• _Directions for this task_
Skip the pictures. Retype exactly, and only, the lines between the line holding "to another position." and the last line below, inclusive.

Source information Start Marker

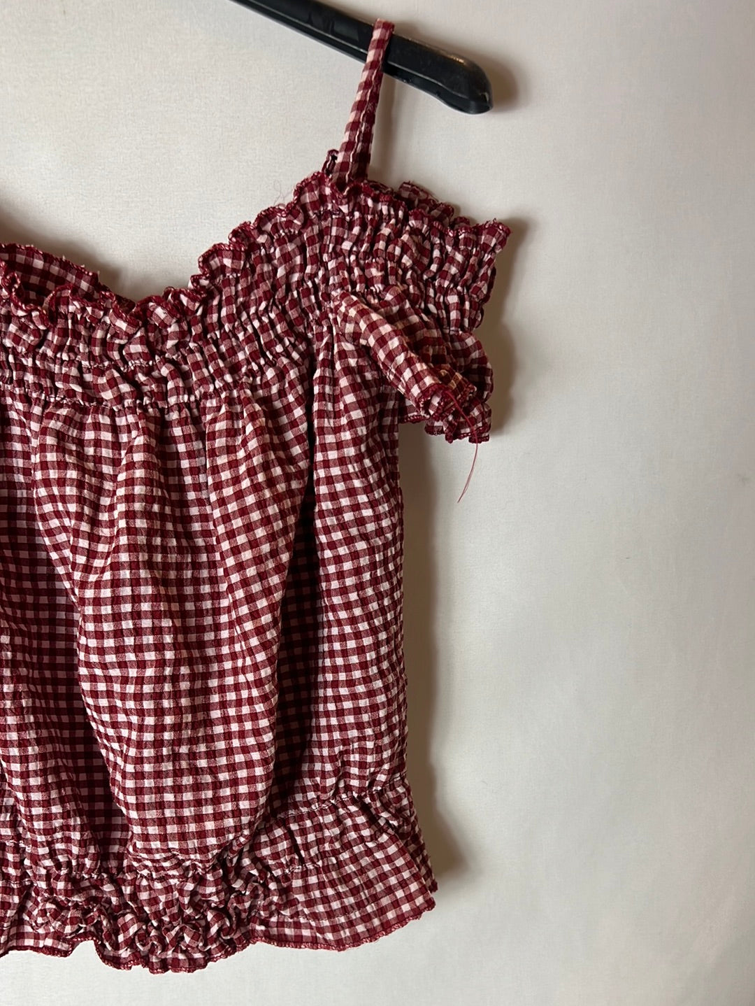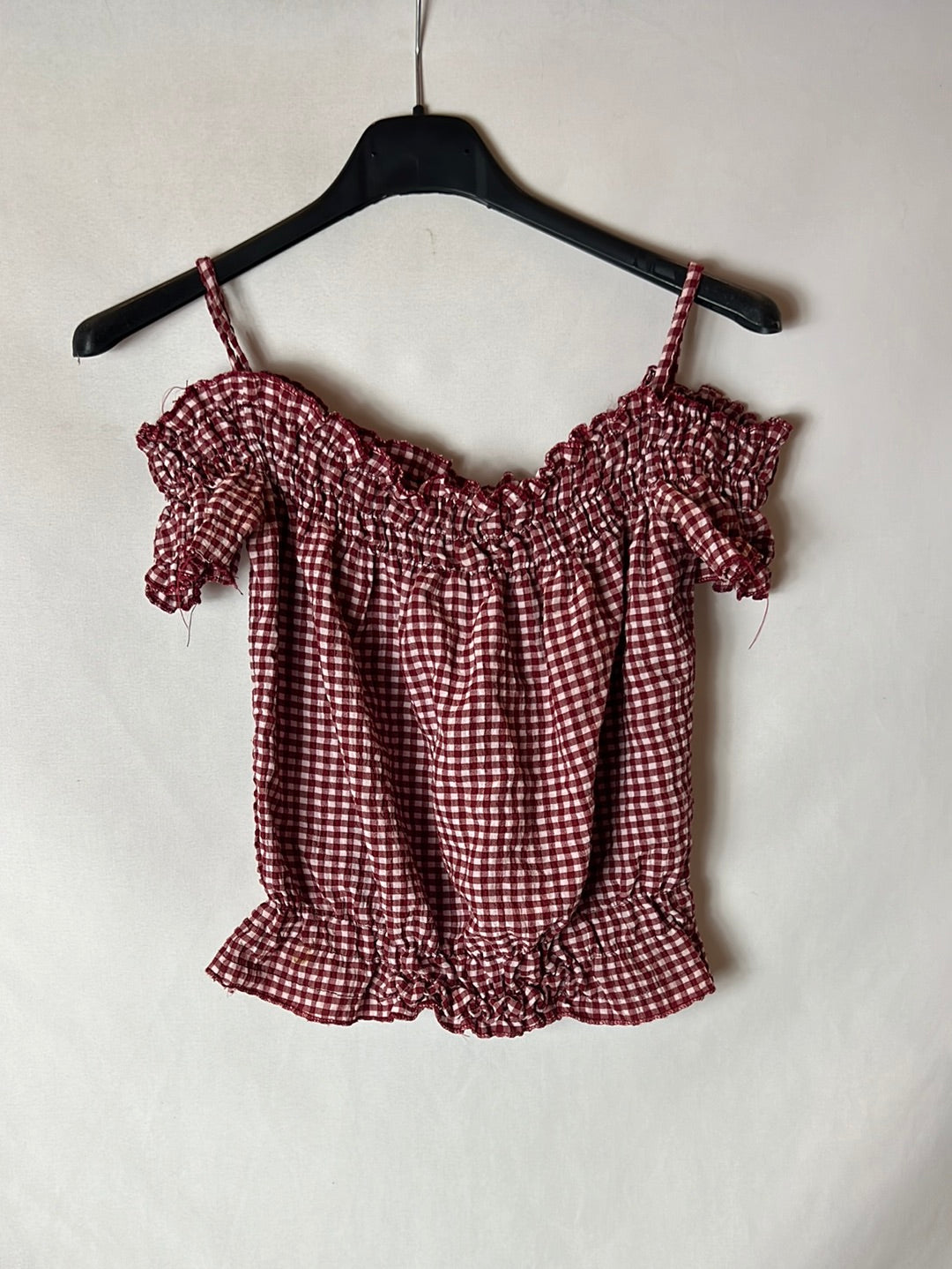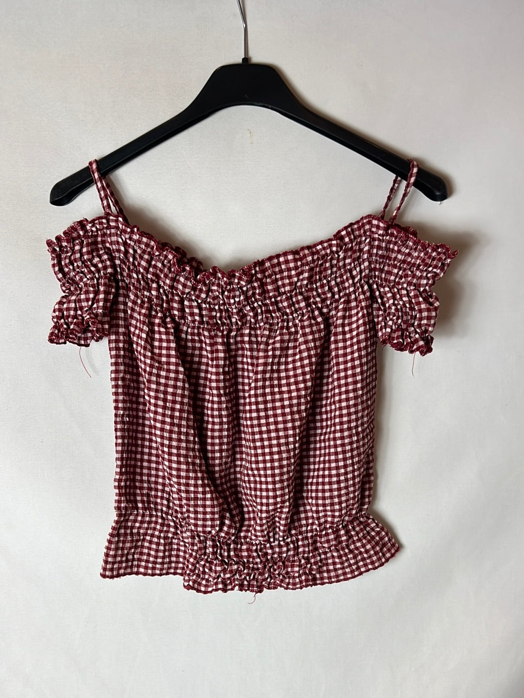Croptop de cuadros vichí rojo y blanco con cintura y escote elástico. largo cm
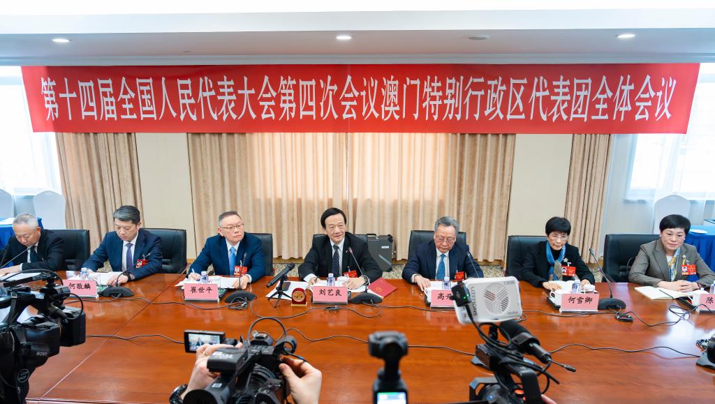 3月7日,十四届全国人大四次会议澳门代表团举行开放团组会议。新华社记者 李明刚 摄
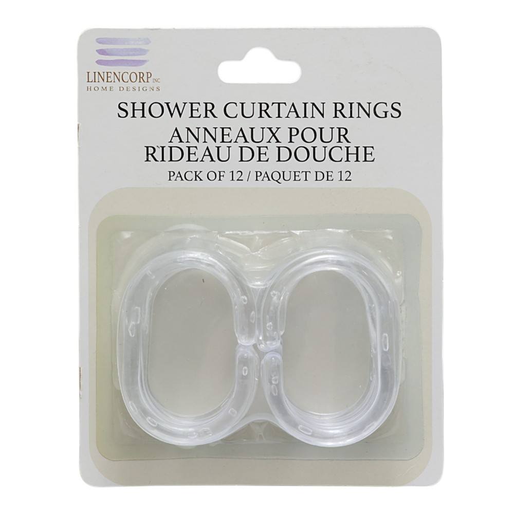 Unaza për perde dushi, 12 copë. Prodhuar ne material plastik dhe ngjyrë transparente këto unaza jan shumë rezistente ndaj ujit. Në formë ovale unazat do jenë gjithnjë të qëndrueshme.
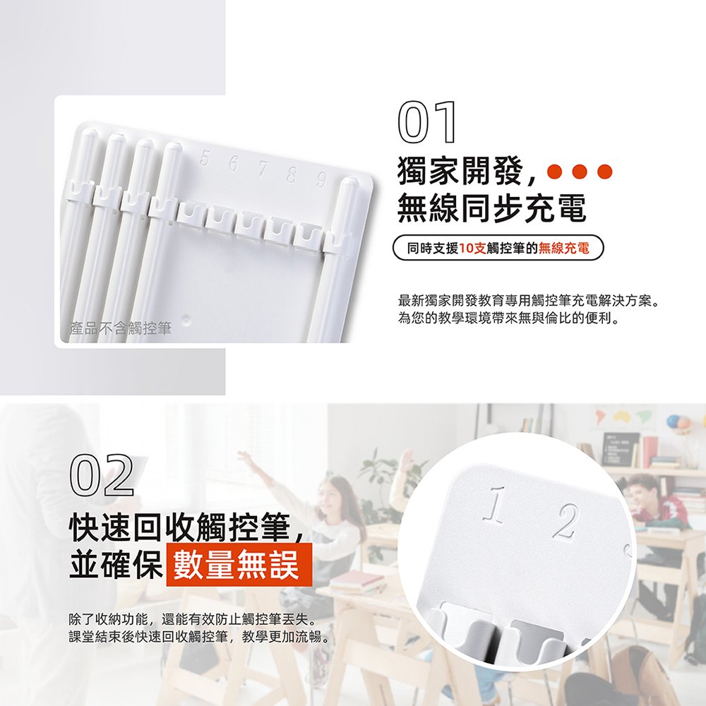 最新獨家開發教育專用觸控筆充電解決方案。可同時支援10支觸控筆的無線充電,為您的教學環境帶來無與倫比的便利。
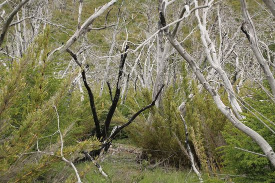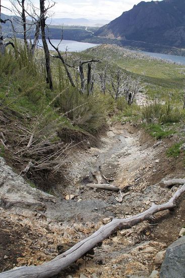Eine erste groessere Wanderung am Cerro Catedral, dem eigentlichen Wintersportberg, gibt gespenstische Blicke auf einen vor Jahren abgebrannten Wald und wieder wunderschoene Ausblicke auf einen weiteren See, den Lago Guitterez frei.
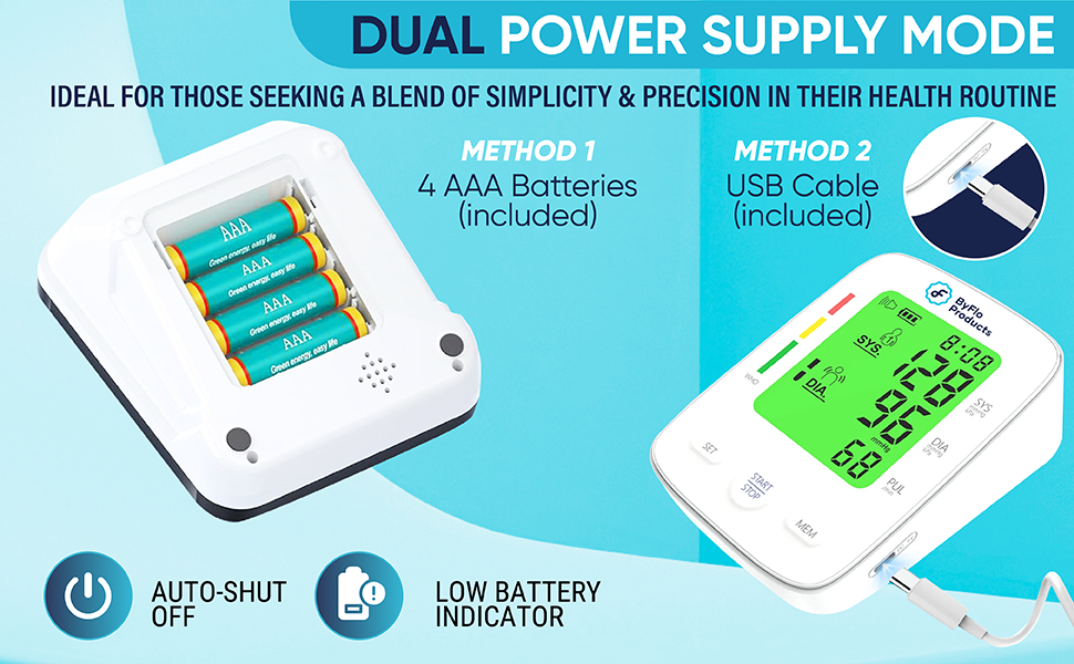- USER-FRIENDLY DESIGN & VERSATILE POWER OPTIONS - The ByFloProducts Blood Pressure Monitor simplifies health management with its one-button operation. Powered by either USB connection (Included) or 4 AAA batteries (Included), it offers unparalleled convenience and reliability, whether at home or on the move. Ideal for those seeking a blend of simplicity and precision in their health routine.
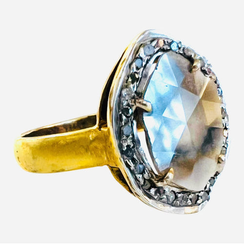 14k Gold Crystal & Diamond Teardrop Pendant Charm
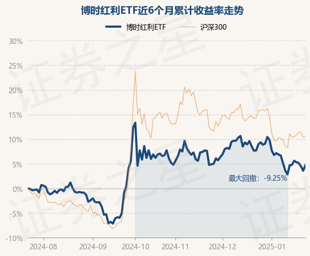 证券之星消息,1月23日,博时红利ETF最新单位净值为1.3363元,累计净值为1.6075元,较前一交易日上涨1.09%。历史数据显示该基金近1个月下跌2.78%,近3个月下跌2.2%,近6个月上涨4.7%,近1年上涨15.27%。该基金近6个月的累计收益率走势如下图:
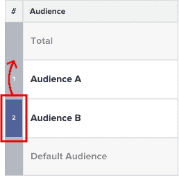 . The audience details are saved and you are returned to the section's management page, where the new audience is listed by the name of its list. - If there are multiple audiences, you can change their order of precedence. (If the user does not match the list in the first audience, the second is checked, and so on.) Audiences' order of precedence is indicated by the numbers in the leftmost column. To change the position of an audience, click and hold its position number and drag it to another position.
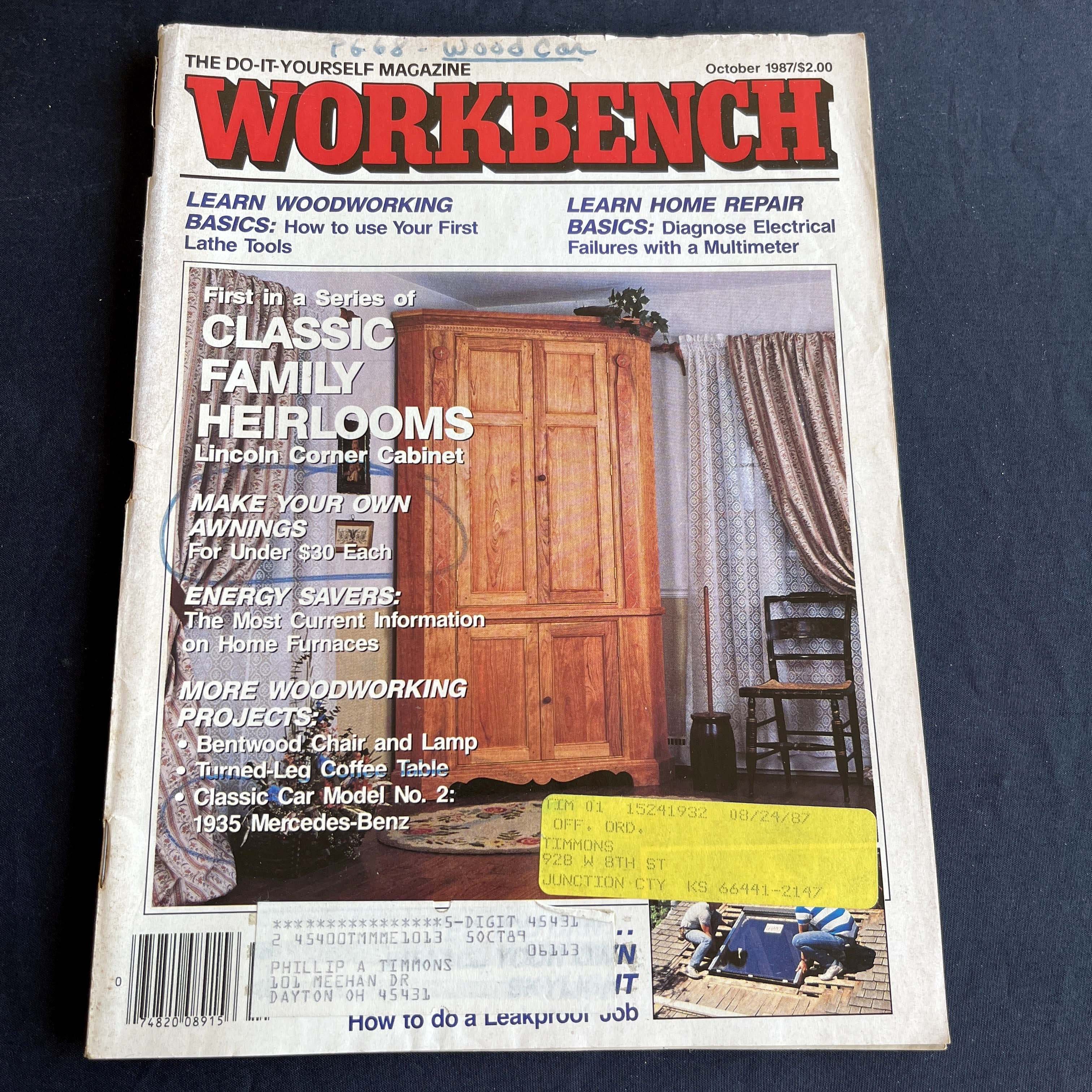 Explore the world of do-it-yourself projects with this October 1987 issue of Workbench magazine. The cover story features detailed plans for a beautiful Lincoln Corner Cabinet, a classic family heirloom project. The late 1980s were a peak time for the DIY movement, with a focus on creating lasting, quality pieces for the home. This issue also includes guides for using lathe tools, home electrical repair, building a model 1935 Mercedes-Benz, and more.

Source information End Marker

• _Completed task_
 . The audience details are saved and you are returned to the section's management page, where the new audience is listed by the name of its list. - If there are multiple audiences, you can change their order of precedence. (If the user does not match the list in the first audience, the second is checked, and so on.) Audiences' order of precedence is indicated by the numbers in the leftmost column. To change the position of an audience, click and hold its position number and drag it to another position.
 Explore the world of do-it-yourself projects with this October 1987 issue of Workbench magazine. The cover story features detailed plans for a beautiful Lincoln Corner Cabinet, a classic family heirloom project. The late 1980s were a peak time for the DIY movement, with a focus on creating lasting, quality pieces for the home. This issue also includes guides for using lathe tools, home electrical repair, building a model 1935 Mercedes-Benz, and more.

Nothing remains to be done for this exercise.